In response to a Playboy magazine query, as to whether his record rested on his appeal to adolescents, Wayne said: “Let’s say I hope that I appeal to the more carefree times in a person’s life rather than to his reasoning adulthood.”

He also stated that he would like “to be an image that reminds someone of joy rather than of the problems o the world.” And to another query by Playboy, “Luckily, so far, it seems they kind of consider me an older friend, somebody believable and down-to-earth.”

Wayne attributed his popularity among youngsters to having “played many parts in which I’ve rebelled against something in society.” “I was never much of a joiner,” he elaborated, “Kids do join things, but they also like to consider themselves individuals capable of thinking for themselves. So do I.”

Two and Three-Generation Plots

Wayne’s movies had two or three generational plots.  There were always children in them, and his relationship to the younger generation was central to his screen image, which also accounted for his popularity among adolescents.

Furthermore, in his last films there was an explicit attempt to cater to youngsters, as True Grit, Big Jake, and of course The Cowboys attested. This commercial consideration had to do with the fact that American moviegoers were getting younger and younger; the most frequent moviegoers were well under twenty-one.

Jewish Cowboy and Black Cook

To appeal to the largest potential audiences, The Cowboys also had among its characters a Jewish cowboy and a black cook. But the attempt to appeal to young audiences went beyond commercial considerations. Wayne was influenced by the Western star, Tom Mix, who attempted to make pictures for the entire family, so that parents could go with their children to see them. This movie philosophy was adopted by Wayne, whose idea of a good picture was one which was designed for the entertainment of all members of the family.

Furthermore, because his movies were not very complicated or complex, they provided fantasy materials for adults too. Critic Kistler observed in his obituary of Wayne that his films appealed to “every man who wanted to be John Wayne when he was six and the world was a simpler place, with only good guys and bad guys, and when quick and uncompromising justice was dispensed by the Big Man.” As for mature audiences, Kistler believed that Wayne appealed to “every man who, as an adult in a complicated, computerized world, has secretly yearned–if just once–to sit tall in the saddle atop a prancing, foam-flicked mount at the far side of a wide, fairytale expanse of Western meadow to finally confront, outnumbered and alone, the men of evil.”

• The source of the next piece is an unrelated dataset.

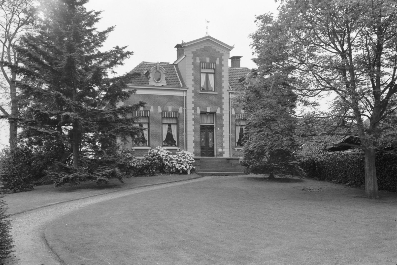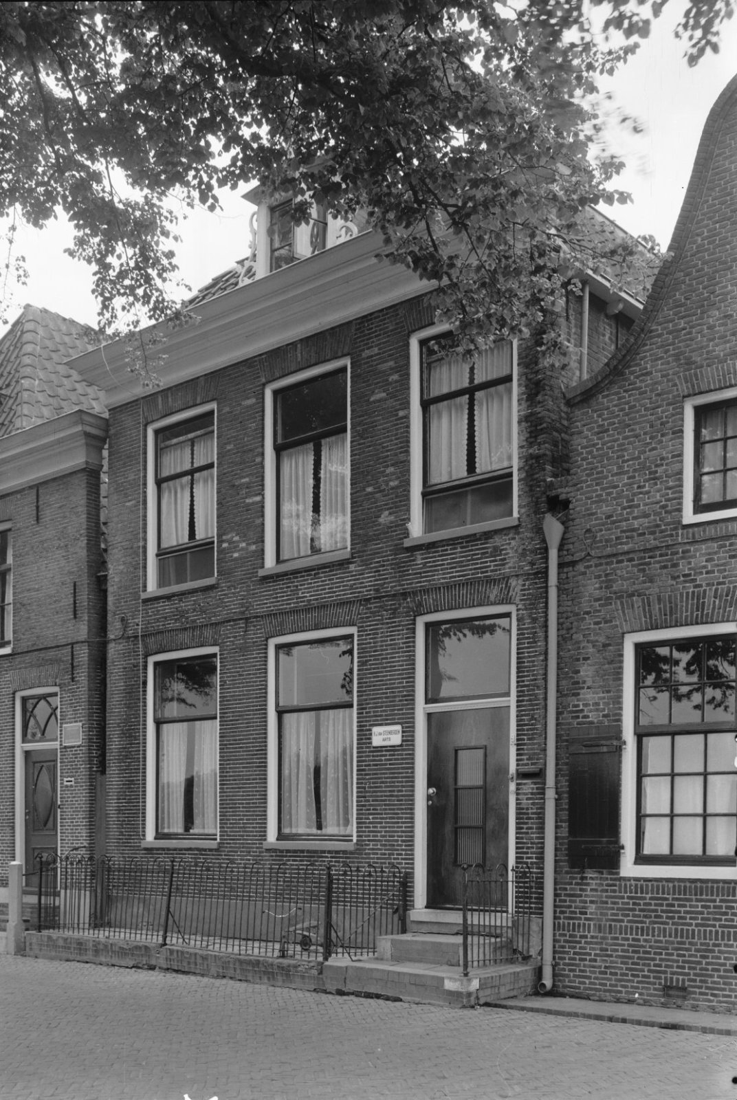 Voorgevel met hek ervoor en voordeur met stoep
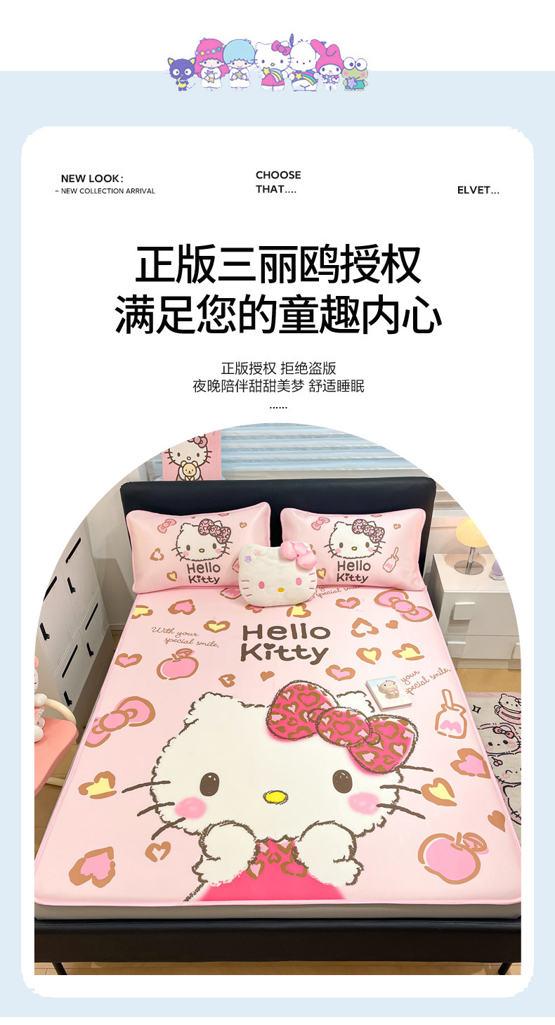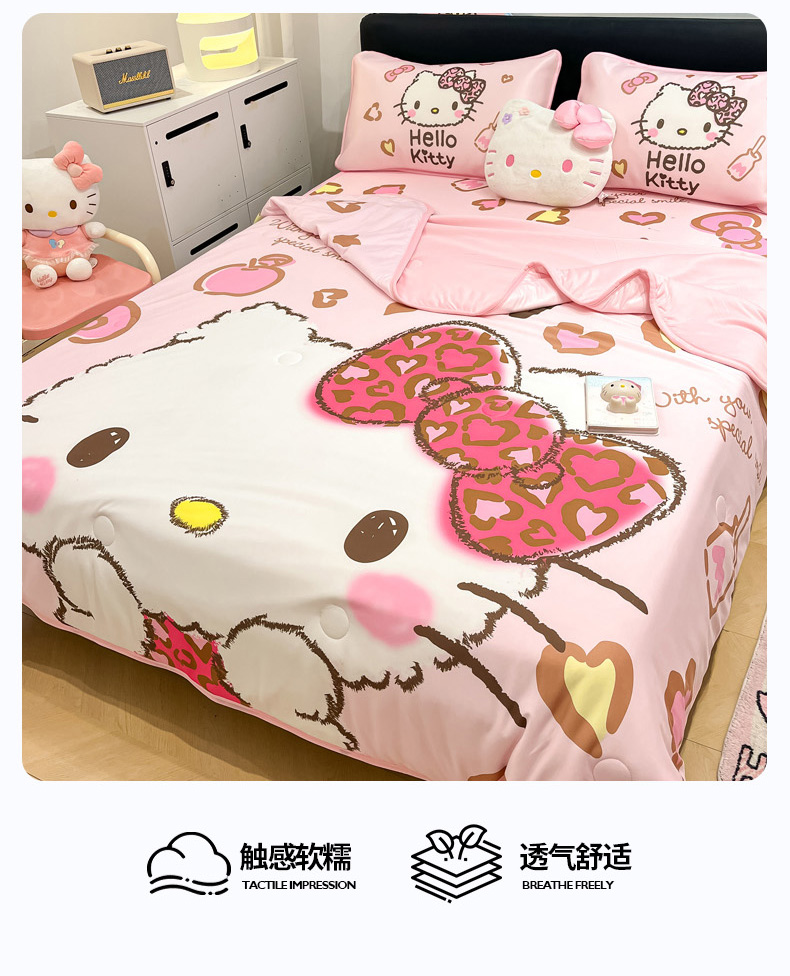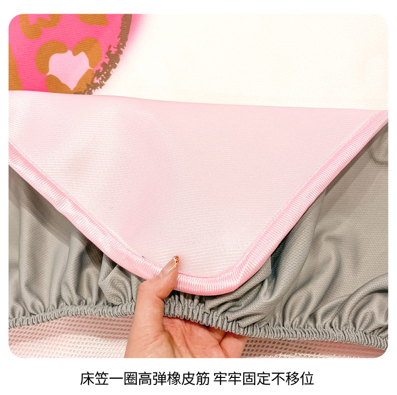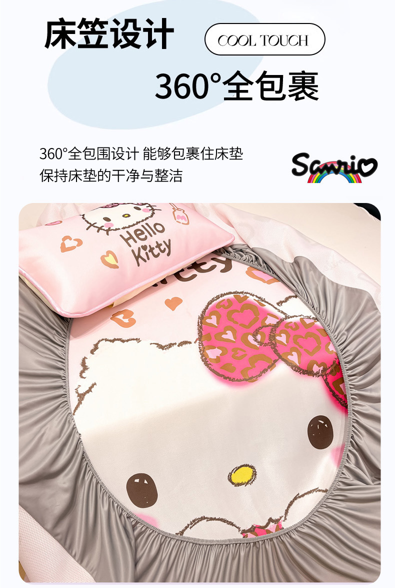 • 91家纺网 家纺一手货源 找家纺 暮思家居 2025新款正版授权A类大版数码印花三丽鸥可机洗1200D冰丝凉席可组合针织棉夏被四件套床笠款 床笠款-豹纹KT猫

Among other factors that set Wayne apart from other stars, and helped make him a cultural folk hero, was the impact of his movies on the consciousness of his audiences.  In his novel, The Moviegoer, Walker Percy observes that “Other people treasure memorable moments in their lives: the time one climbed the Parthenon at sunrise, the summer night one met a lonely lady in Central Park,” but what he remembered was “the time John Wayne killed three men with a carbine, as he was falling to the duststreet in Stagecoach.” What better proof of Wayne’s imprint on Percy’s subjective imagination than this. And because of the extraordinary dimensions of his stardom, Wayne may have fulfilled the same fantasy for thousands of youngetrs, thus contributing to the formation of a colletcive consciousness.

Ron Kovic

A more interesting revelation of Wayne’s function in American culture is found in Ron Kovic’s book, Born on the Fourth of July, in which he shares with the readers the emotional experience of watching Sands of Iwo Jima on television. “We were glued to our seats,” he recalled watching Wayne’s Sergeant Stryker charge up the hill and get killed just before he reached the top. And when they showed the men raising the flag on Iwo Jima with the Marines’ hymn still playing, he and his friend “cried in our seats.” From that moment, every time he heard it, he would think of Wayne and the flag. More emotionally disturbing is Kovic’s account of fighting in Vietnam, where he was wounded and paralyzed. “Nobody ever told me I was going to come back from the war without a penis,” he writes, “Oh God, Oh God, I want it back! I gave it for the whole country….I gave (it) for John Wayne.” This is a “heavy burden to lay on a movie star,” critic Jack Kroll noted, but it also attests to Wayne’s great authoirty as “troop leader of the American dream.”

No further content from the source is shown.